Emo kids, you can’t stay young and depressed forever. The Promise Ring abandoned their trademark formula for a more stripped down approach. So did the the Get Up Kids . Even the Anniversary moved on and became a ’70s cover band. It was only a matter of time before Saves the Day followed suit. After the success of Stay What You Are, everyone expected a strong follow up. What they got was In Reverie. Strong? Yes. Different? Definitely.

Mira Levitan

What made Saves the Day stand out, aside from their fairly young age, was their ability to blend pop and hardcore punk musicianship with incredibly catchy and sometimes morbid lyrics. In Reverie, the band’s major label debut, finds the group expanding their sound significantly beyond their emo roots. Where emo is often formulaic and all too literal, Saves the Day’s new style is much more diverse and definitely harder to decipher. It’s pure pop now, making the melodies a bit more unpredictable than in their punk days. No longer is lead singer Chris Conley, now a mature 23, threatening the life of some guy named Nick and singing about rocking out to Queen in a friend’s car.
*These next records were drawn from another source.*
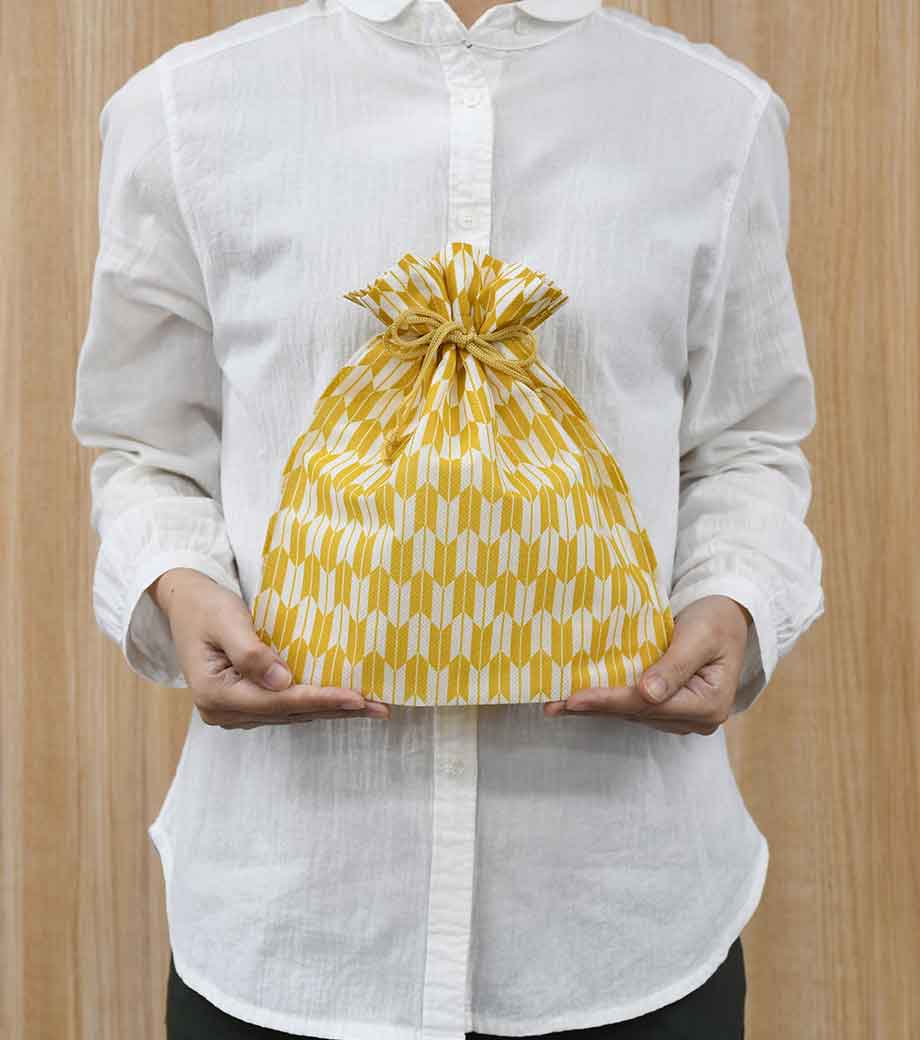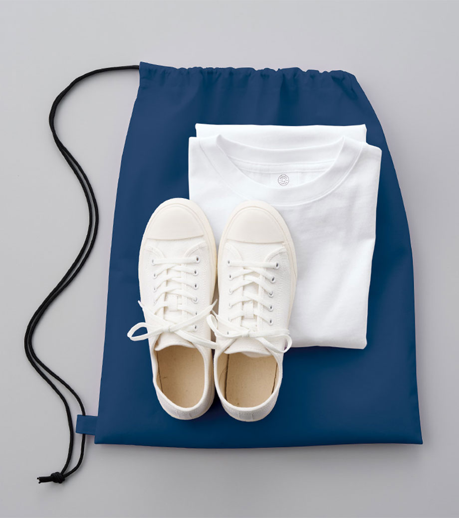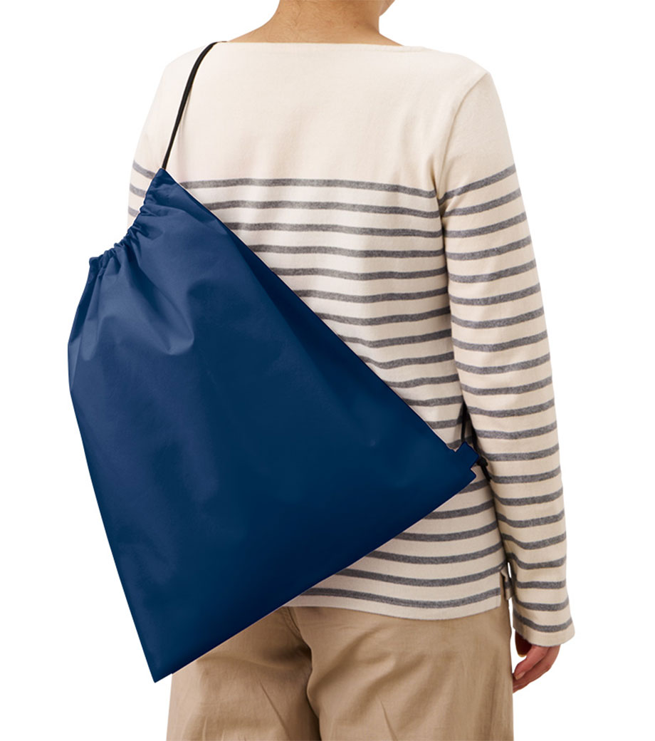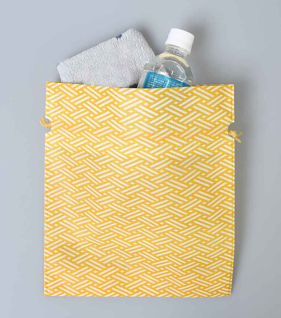 フラットな形状のシンプルな巾着。500mlのボトルや文庫・単行本が入るサイズです。バッグの中の整理や、ちょっとした物の持ち運び、あると便利なサイズ感でいざ何かを入れるときに役立ちます。軽くて丈夫な不織布素材なので、気兼ねなく使えるのも魅力的です。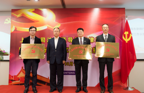10月17日下午,在黨的十九大召開前夕,上海市司法局黨委書記、局長陸衛東一行調研律師黨建工作,并召開座談會,為市司法局黨委首次評選出的三家市級律師行業黨建工作示范點授牌。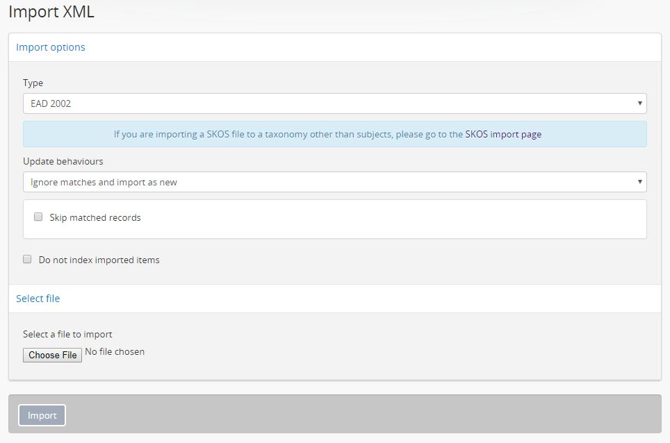 2. If you are importing EAD 2002 XML, then AtoM contains some additional import options, described in steps 5-6 below. If you are importing MODS or DC XML, you can skip ahead to step 7.

Those days, it seems, are over.

That’s not to say that In Reverie isn’t a good album. The hooks are solid, catchy and still worthy of the road trip sing-along. “Anywhere with You,” “Morning in the Moonlight” and “Tomorrow Too Late” all contain glimmers of the band’s former self. It just feels like In Reverie is missing the spark that made Saves the Day who they are, or who they were. Perhaps it’s Conley’s new relaxed singing style, forced from too much touring. Perhaps they’ve been listening to the White Album too much. Or maybe they’re just finally growing up.